Inherited Disorders by Adam Ehrlich Sachs. 272 pp. Regan Arts Press, 2016. $12.99.

The Organs of Sense by Adam Ehrlich Sachs. 240 pp. Farrar, Straus and Giroux, 2019. $26.00

Kafka, when reading his work out loud, would lose himself (it is said) in laughter, and his audiences reacted in kind. It’s true that his stories can be humorous, but who would find “In the Penal Colony,” to take an extreme example, mainly funny? What would Kafkaesque tales whose comic elements consistently outweigh the disturbing ones look like? They might resemble those in Adam Ehrlich Sachs’s first book, Inherited Disorders (Regan Arts, 2016).

Consider “The Nature Poet,” which opens this story collection. The eponymous poet, son of a Nazi officer, is interested in writing only about mountains, creeks, and ferns, but reviewers insist the poems are really oblique “reckonings” with his father’s murder of 150 Hungarian Jews. “The total absence in the poet’s poems of people, history, politics, fathers, et cetera” is taken “as a sign that they were actually the poet’s primary concerns, the unspeakable void at the center of his ferns.” After four volumes, the initially positive critics turn against the poet, tired of “the highly circumscribed nature of his interests,…how one generation’s crimes burden the next.” The narrator says of the poet that, “in truth, he had no interest in his father, really no interest in the past at all.” The poet is silent for decades, at work on a magnum opus:

Since every description of a fern had been interpreted as an oblique meditation on his father’s crimes, he would write an epic poem about his father’s brutal crimes that was actually, obliquely, a description of a single fern….He wanted the reader to think to himself: “I just read about the Holocaust. Why am I picturing this fern? What is the matter with me?” Such was the literary effect he was aiming for. When he told his wife his idea, she left him.

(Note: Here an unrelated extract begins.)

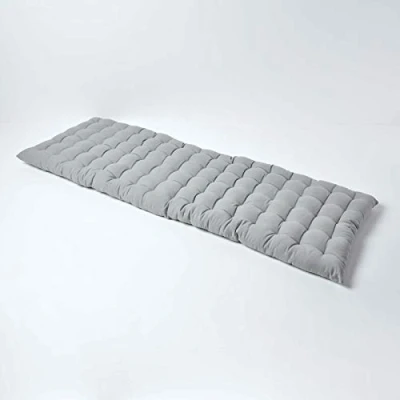 LUXURY BENCH CUSHION: Get comfortable with our expertly handmade 100% cotton garden bench cushion for outdoor or indoor use — Britain's premium bench seat cushion, loved by millions for 20+ years. Included: 1 x Light Grey 3 seater bench cushion (143 x 42 x 5 cm) ULTIMATE COMFORT: Generously filled with our specialist down-like Super Microfibre, your outdoor bench cushion is expertly engineered for perfect bounce-back and even padding that lasts. Versatile as a seat pad, back support or dining bench cushion. GENTLE TO SKIN & FUR: Certified kind to skin and planet, your hypoallergenic garden bench cushions 3 seater are anti-allergy, making them perfect for your pets, children or those with sensitive skin. Our luxury cotton is breathable and anti-dust mite, for all-year comfort. MACHINE WASHABLE: at 40C. Stylish as outdoor patio bench cushions, these luxury seat pads are also ideal as floor cushions, pet beds, for indoor seating or on loungers. Create a comfortable place to relax anywhere in your home and garden. Store indoors when not in use. STYLISH COORDINATING RANGES: Discover Homescapes' exclusive, must-have 100% cotton sets: from booster cushions to table linen and curtains. For 25+ years, Homescapes has offered uniquely affordable luxury, because our artisans create each lovely piece, with no middlemen.
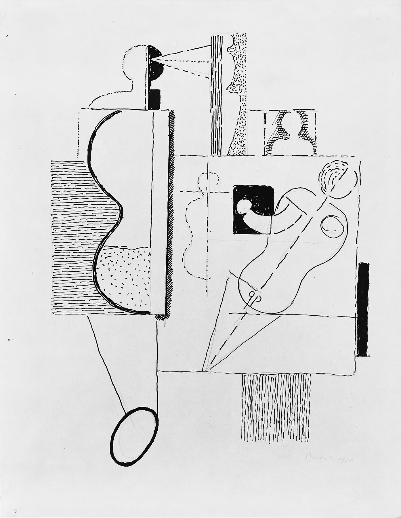 Die Komposition entspricht den Gemälden G 107 und 112, die beide auf 1920 datiert sind. Die Pentimenti zeigen, daß es sich hier weniger um den Entwurf als vielmehr um eine Nachzeichnung handelt, die die Komposition festhalten will. Darauf weisen auch die verschiedenen Schraffuren und die Schattierungen hin, die das Farbrelief des Bildes imitieren. Vgl. Z 70.

The tale ends with the poet dying on the eve of publication: “He would have treasured this morning’s brief review in Die Zeit, which simply calls The Kistelek Massacre ‘an elegant evocation of a fern.’”

The subtitle of Inherited DisordersStories, Parables, and Problems—suggests its somewhat experimental form: 117 tales, many only a page or even paragraph in length, of fathers, sons, and their fraught relationships. In “Disagreement,” for instance, a father and son are so different in sensibility that their extensive libraries overlap in only one book, the “memoirs and maxims of a nineteenth-century German polymath.” Studying the marginalia of their respective copies, the son finds that their notes exactly disagree: “Wherever the son had put Very clever little argument!” for example, “his father had written This sort of thinking led directly to the Holocaust,” and vice-versa. Like Gary Shteyngart, Elif Batuman, and Donald Antrim, Sachs’s sense of the absurd comprises two parts comedy, one part pathos. He wears the lineage of Jewish humor on his sleeve and is not, as you will already have noticed, afraid to make even Holocaust jokes. Inherited Disorders is deeply thought-provoking, masterfully wrought in its precise language and timing, and—most of all—funny.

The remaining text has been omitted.